I enjoyed learning a lot about people analytics and am excited about the tremendous opportunities and potential of it, which can save lots of intensive human resources costs, and eliminate biases caused by some of the innate prejudices some may have. However, there are often both sides of the coin and having worked in compliance matters, I have always been one to be wary about potential risks and pitfalls, and how to safeguard against it. Hence, I found an article looking at what we need to be aware of when we gather so much data in a risk management standpoint.
As the article rightly points out, the large amount of sensitive information gathered about employee, sometimes with or without their knowledge, can range from information they provide intentionally, e.g. their home addresses and bank account statements, to minute details in their working behavior, how frequently some of them go to the bathroom, take pills during work, use which software and why, prefer what type of gadgets and accessories, to what they order for lunch, and in particular medical data as mentioned in the article which surprisingly can be “10 times” more valuable to criminals compared to normal credit card data, which may be of interest to some companies.
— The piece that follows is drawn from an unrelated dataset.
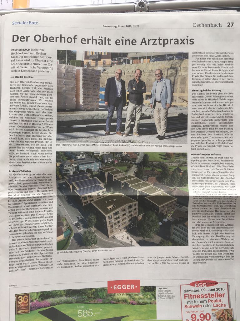 Der Gemeinderat hat sich schon vor Jahren mit Dr. Brügger über die Entwicklung der medizinischen Versorgung ausgesprochen. So war es naheliegend, dass Beat Burkard, der Investor der Überbauung Oberhof, vom Gemeinderat darauf angesprochen wurde. „Mir war sofort klar, dass ich da Hand bieten muss“. Dass mit dem unternehmerisch denkenden Dr. Raess aber so schnell eine überzeugende Lösung gefunden wurde, ist sehr erfreulich.

Thus, in addition to data privacy laws that different countries have to adhere to, for example the GDPR for the UK as mentioned in the article, there is the different layer when such data is stored in the cloud storage facility that spans in different countries, and data is transmitted across several jurisdictions, with varying privacy laws and data protection rights. Failure to protect the data with care, may lead to dire consequences, substantial fines such as a large proportion of turnover, as much as “4 percent worldwide turnover” or more as mentioned in the article, in addition to negative publicity and reputation costs which may undermine morale and customer confidence.
So, the next question comes in to play? Can we believe that we are safe when we have anti-virus software and the usual firewalls infrastructure? The answer is clearly no, as I believe most of us have already heard of data breaches even in the companies and places, we believe are most secure, even before this article. The article also brings out dire fact that sometimes employees so called insiders, can be found to be even more dangerous to the threat of data breach, which can range from innocent breaches of information with no ulterior motive resulting from lack of awareness that their ordinary mobile and computer habits such as using a public Wi-Fi to transmit emails can be dangerous, to the even more unexpected and extreme acts of disgruntled employees, who may expose data as in a supermarket’s case. Since prevention is better than cure, human resources does have an important job in educating it’s employees in securing their data from on boarding, from finding computer consultants to encrypt data to ensure personal information is stored separately from the data, find good lawyers skilled in the various locations in which data is used and stored to ensure compliance with data privacy laws, set up good internal control policies to ensure data is not used for the purposes beyond what is consented by the employees and abuse does not take place, and to also keep employee’s morale in check, and allow stressed or disgruntled productive outlets in venting, thereby reducing the risk of data related hate crime. Overall, this is both a science and an art in striking the right balance in allowing people analytics to reach its most benevolent potential, while continuing to inspire, trust, respect and confidence about employees so they can rest assured that their data is in good hands, for good purpose, to maximize their productivity, and increases the chances that the right persons with the right skills are selected for the right jobs.